Work is underway at the Oconee Industry and Technology Park to prepare the land for a new Tri-County Technical College campus.
The estimated $5.5 million, 37,000-square-foot building planned for the site will house manufacturing programs that will support, and attract, manufacturing in the area, according to Tri-County Tech spokeswoman Rebecca Eidson. She said the main programs will include CNC machine tooling, industrial electronics technology, mechatronics and logistics. Other courses will be offered to support the educational needs of the area.
Eidson said a groundbreaking ceremony will take place sometime this summer and the campus is scheduled to be open for the 2018 fall semester.
Richard Blackwell, executive director of the Oconee Economic Alliance, said the Tri-County Tech campus is part of a larger workforce development initiative at the industrial park.
“This will be a true workforce development campus,” Blackwell said. “Right beside Tri-County Tech is going to be a new adult education center and our vocational high school, the Hamilton Career Center, is going out there too.
“You know, we talk about partnerships, we talk about synergy; this is all coming to life on the same piece of dirt inside the industrial park.”
Eidson said the partnership “will be a unique center for technical education, work-based learning, and economic development.”
“The co-location benefits the students and makes good economic sense,” she said. “Generally speaking, career center students can use the facilities during the day and Tri-County can use the equipment in the afternoons and evenings. Rather than purchase similar equipment at two locations, both can share some of the same equipment and labs.”
Eidson also said cost savings can be realized through shared roadways, curbing, water/sewer, parking, and other amenities. In addition, “we envision industries will have the opportunity to groom future employees by providing internship and cooperative education experiences on site for high school and college students,” she said. “We have the opportunity to create a model for the rest of the country.”
Oconee Industry and Technology Park
Blackwell said about 1.1 million cubic yards of dirt are being moved in preparation for the Tri-County Tech campus.
“It’s impactful in the amount of work they’re doing and what’s coming,” he said. “We always hear about the need for a skilled workforce and that new campus will be teaching mechatronics, machining, industrial electrics and industrial engineering, and supply chain management.”
The programs coming to the industrial park will be beneficial to current and future tenants of the industrial park, Blackwell said.
Baxter Enterprises and Hi-Tech Mold & Engineering Inc. announced their move to the industrial park in March 2016. The full-service suppliers for the plastics industry occupy an 87,000-square-foot facility in the industrial park. The firms invested $20.7 million in the project.
“I’m told Baxter will start hiring in May. They’re looking to hire 90 people within the first six to eight months. I think that want to try to have half of that in May because they have to start delivering parts in August from that new facility,” Blackwell said.

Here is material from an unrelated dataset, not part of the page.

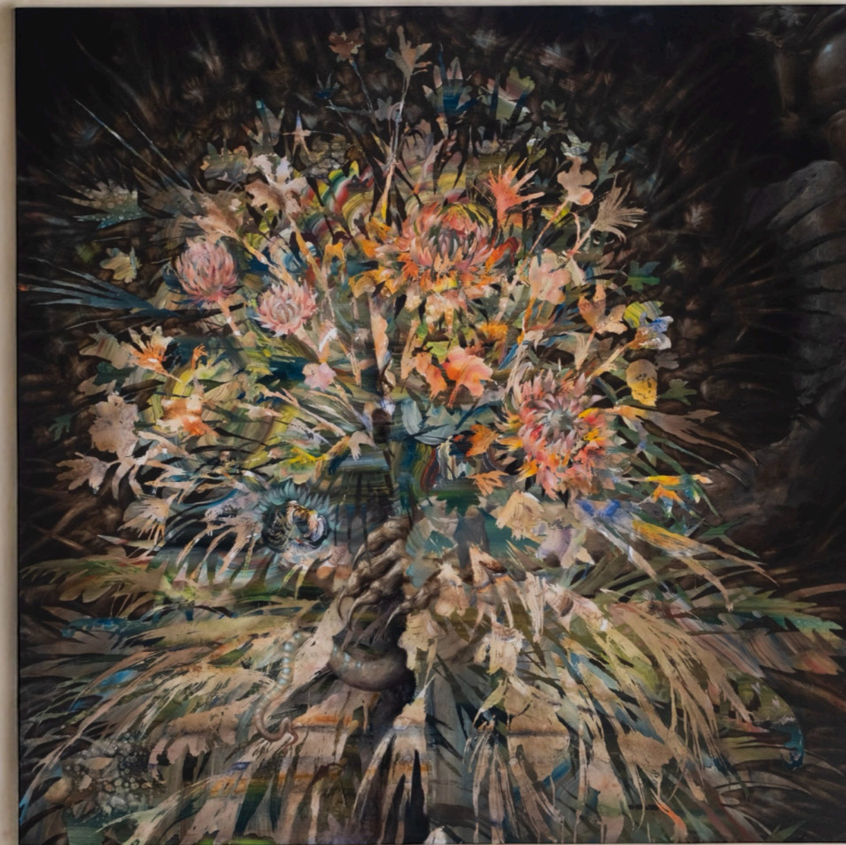
Proposte Indecenti, 150x150 cm, acrilico e olio su tela 2023

There are a couple places on-site, where the dirt is being dug out, that are 40-foot cuts – that’s about four stories, Blackwell said.
“That’s a lot of dirt being dug out and spread out, because not only is it giving us this new campus, it also will give us about 40 acres of new industrial product,” he said.
The new industrial products being prepared won’t be pad site, he added, but will be flat dirt, “which is hard to come by in Oconee County.”